Note: This document is referential only to the API Fortress-HA (High Availability) deployment.

Components:

Databases:

PostgreSQL
MongoDB

Message queues:

RabbitMQ

API Fortress:

API Fortress Dashboard
Microservices (mailer, scheduler, connector)
Remote workers (downloaders, core-server)

Resiliency / High availability

Databases can be replicated using their specific mechanism and the systems will connect to the clusters. Each replica will carry the full database in a streaming replication fashion. Therefore, a failure (software, hardware, network) of any of the instances will not cause a service disruption. When a replica is brought back to life, whether it’s the same server or another, their specific replication systems will synchronize the new instance. Databases are the only components in need of a persistent state, therefore the machines spinning them need to be able to provide a persistent storage. The message queue is stateless (therefore does not require persistent storage) and queues and exchanges are replicated using the high availability internal mechanism. Services can connect to both so that if one replica goes down, the other will take care of the work without service disruption. The API Fortress dashboards are stateless (with the exclusion of in-memory web sessions) and can be scaled horizontally and load balanced. The API Fortress microservices are stateless single-instance services that can be respawed in any server, without any specific concern. The API Fortress remote workers are stateless multi-instance services that can be scaled horizontally and load balanced.

Backup and Restore

Backup

There are 2 primary types of backups:

Taking snapshots of the persisted database disks. The procedure is runtime dependent (AWS, GCloud, OpenShift etc.)
Dumping databases to files for classic restore. These procedures are described here. The actual commands may vary based on the runtime.

Restoration

Given the snapshot of a disk, the runtime should provide the ability to create a new disk from it.
Given the dump files, you can follow the procedure described here. The actual commands may vary based on the runtime.

Note: No service except the two databases require access to persistent storage.

Disaster recovery

Databases:

In case of a database being unreachable for connectivity issues, the system will continue working using a replica. When the issue is solved, the system will sync itself automatically. No service degradation is expected.
In case of a system failure, disk failure, or data corruption, spin a new server in the same cluster with the same hostname.
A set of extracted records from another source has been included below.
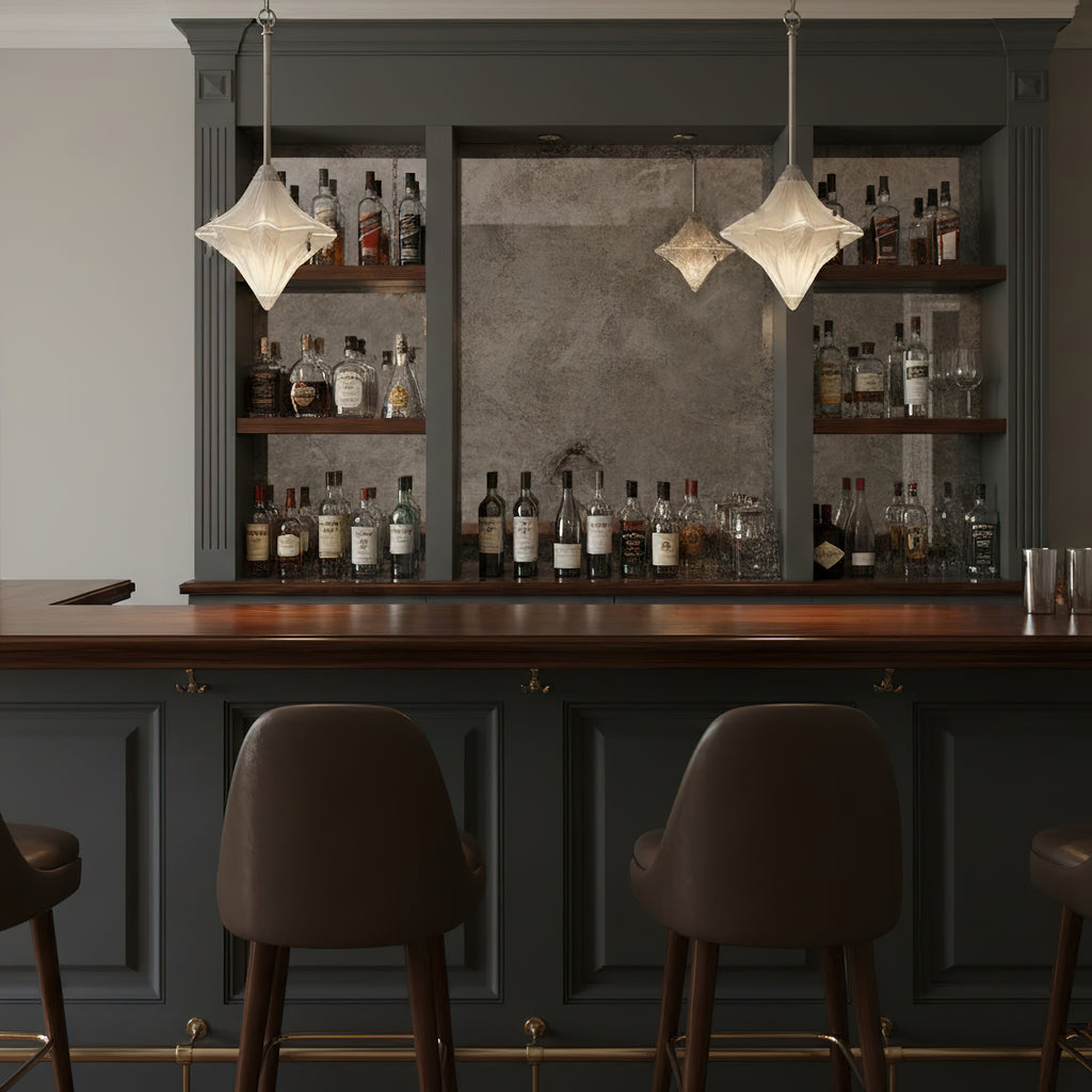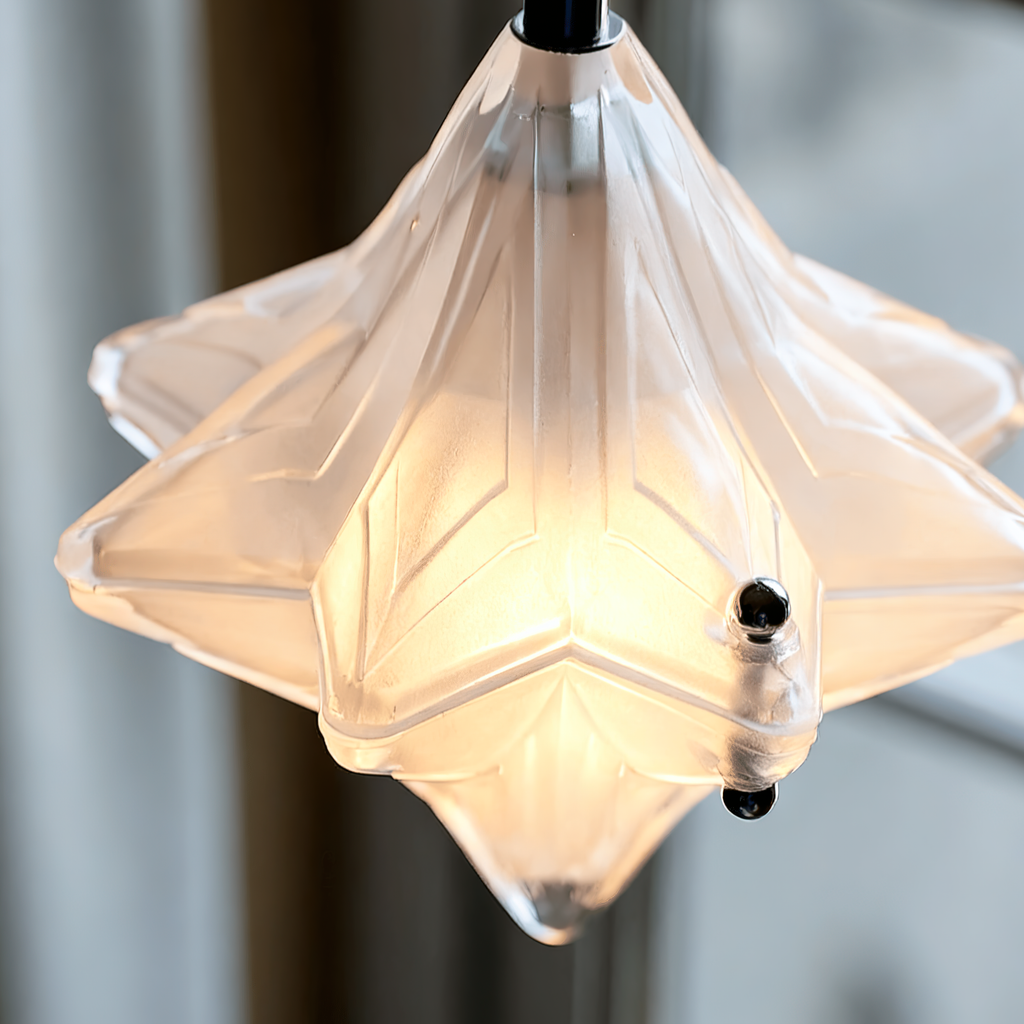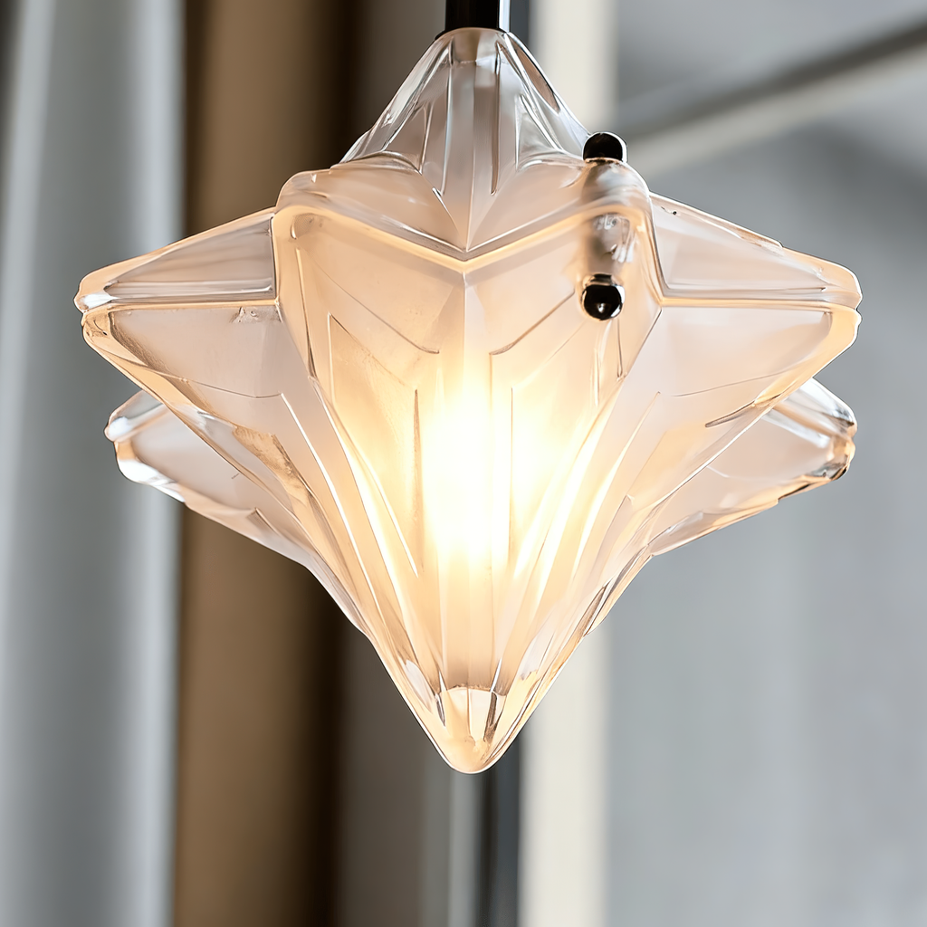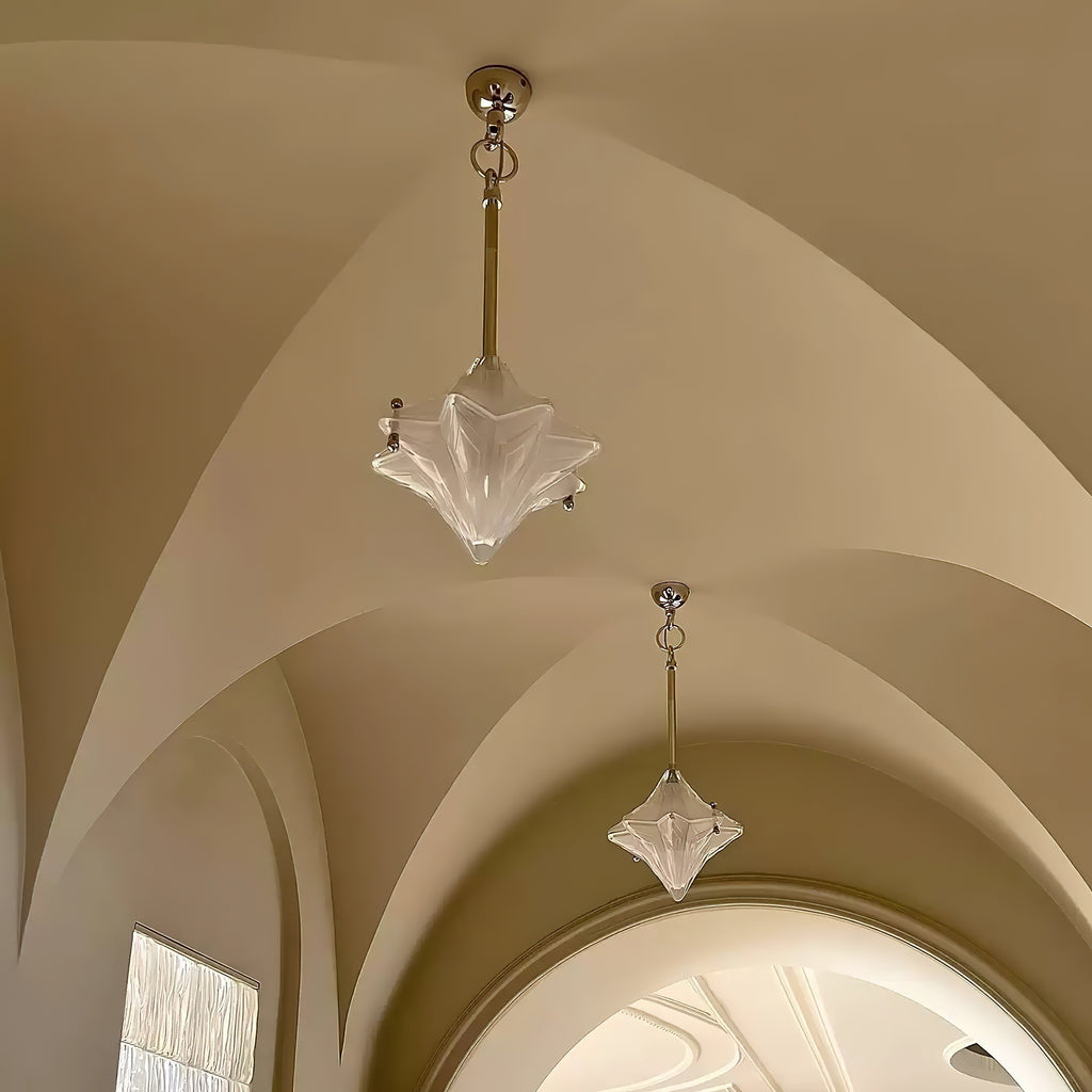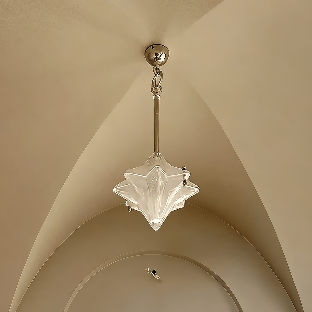 The Lyra Star Pendant Lamp combines timeless elegance with functional design. Crafted from quality glass and iron, this fixture delivers warm, ambient lighting while serving as a striking focal point in any room. The star-shaped design adds architectural interest to modern, transitional, or eclectic interiors. Ideal for dining areas, entryways, or bedrooms, this pendant creates an inviting atmosphere with refined sophistication. Durable construction ensures lasting performance and visual appeal.
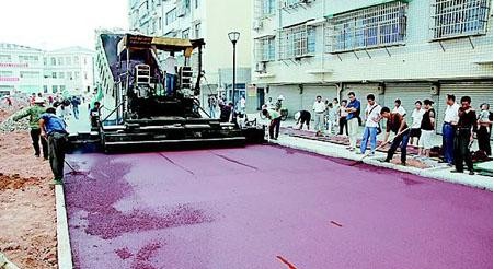9月2日下午,在天元區國土支路的西側,我市首條彩色瀝青混凝土路面已開始鋪設,預計將在9月4日完工。
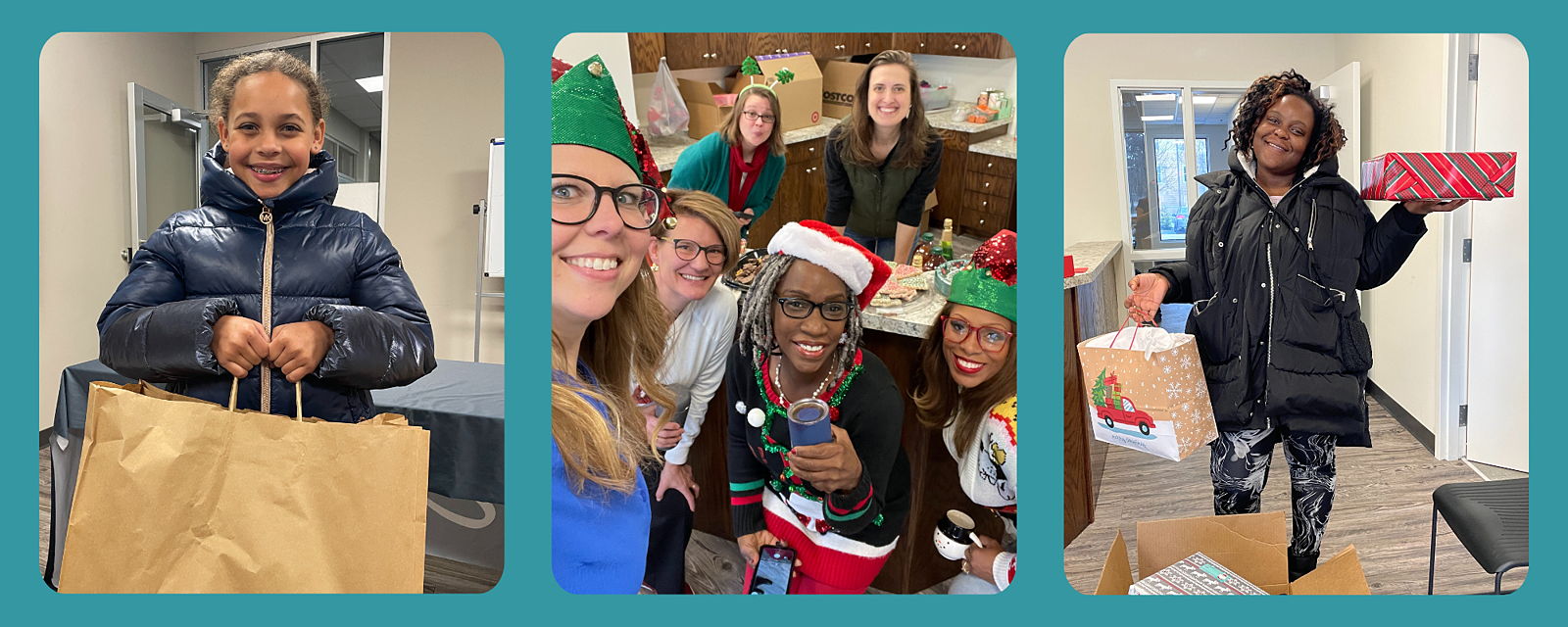 Above: Emerge Mothers Academy hosts an annual Thanksgiving Meal Giveaway and Christmas Boutique for our families.

This will trigger the database automatic replication. No service degradation is expected.
In case of a global failure of all replicas, API Fortress will stop working. Spin a new database cluster starting from a backup and restart all services. Service degradation is expected. Data loss may occur, depending on your backup strategy.

Message queues:

In case of a message queue being unreachable for connectivity issues, the system will continue working using a replica. A respawn of the failing message queue will bring it back to the cluster. No service degradation is expected.
In case of a system failure, spin a new server in the same cluster with the same hostname. No service degradation is expected.
In case of a global failure of all replicas, API Fortress will stop executing scheduled tests and will not send notifications. Start a new message queue cluster. A restart of all services is not required but recommended. Service degradation is expected.